How To Love Monday Mornings-Kris Cage

How To Love Monday Mornings-Kris Cage

Many people including myself hate Mondays for many reasons. But the author loves Monday mornings. He has reasons to love Monday mornings opposite what the majority of scholars, corporate workers and the rest.

Whether you prefer Mondays or Fridays, I think you’ll enjoy the video!

My least favourite day is Sunday evening. Many people dislike Sunday evening as well, but mostly because they dislike Monday bleeds into and ruins it. I guess that’s more or less why I didn’t like it either — in high school, Sunday night meant staring down the mountain of homework I still hadn’t done. Sunday night also meant to do it to the background noise of football — and my mother cheering and screaming at the game.

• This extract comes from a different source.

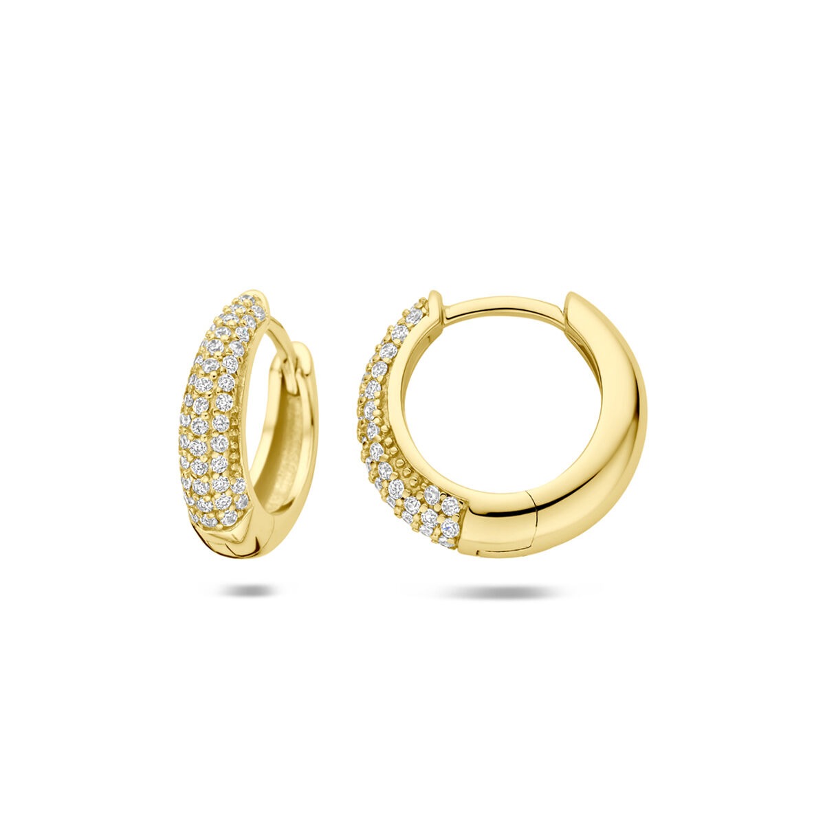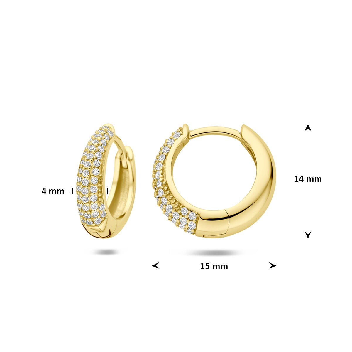 Deze verfijnde verguld 925 zilveren oorringen combineren klassieke vormgeving met een sprankelend detail. De oorringen zijn uitgevoerd in geel verguld zilver en bezet met transparante zirkonia in een briljante slijpvorm. De stenen zijn zorgvuldig in pavé rijzetting geplaatst, waardoor een subtiele maar opvallende schittering ontstaat bij iedere beweging. Met een hoogte van circa 14 mm en een buisdikte van 4 mm hebben deze gouden oorringen een elegante, moderne uitstraling die perfect past bij zowel alledaagse outfits als feestelijke gelegenheden. De praktische scharniersluiting zorgt voor comfortabel en veilig dragen.

But while Sunday is stagnant, Monday means movement. If anything, perhaps I like Monday because it’s a fresh-start “escape” into school or work. But I’ll take that kind of escapism, especially since I can still enjoy my weekends, over the dread of Monday morning and living for the weekend.

Grant Spanier tweeted,

“If ‘Monday’ means work and you absolutely dread it, maybe you should reconsider what you’re doing. Or reconsider how you approach things you don’t want to do.”

And then he pointed out that we should be living for Monday.

“Living for Monday means caring about what you do. It means living intentionally. It means living with purpose. It doesn’t mean your “job” is everything, it doesn’t mean you are defined by your occupation. But it means you approach life as an art form.”

You’ll love Monday once you take accountability for your life

Once you adopt this mindset, you’ll know, because it will feel like a switch is flipped.

Hating Mondays will suddenly feel as gross and unacceptable as a hangover or unhealthy eating habits if we’re trying to lose weight or bad relationships when we’ve decided we’re worth more.

And in the sense, the solution isn’t simply to “find more meaning” — it’s to build our self esteem. And take responsibility.

Grant Spanier wrote,

“It’s easy to complain and blame other people. Once you start owning your career you become responsible for it. It’s no longer the boss’ fault. It’s not the corporation’s fault you aren’t happy. Start Living and that means you need to put a stake in the ground — you have to take a hard look in the mirror and accept control of your life. This isn’t about taking control. We don’t need to take anything. We simply have to come to terms with our ability to control our lives.”

Once we do those two things — taking ownership and picking something we’re dog-ass excited about building — Monday mornings can’t feel great. Every morning feels great. Maybe not literally every day, but overall, living will feel great.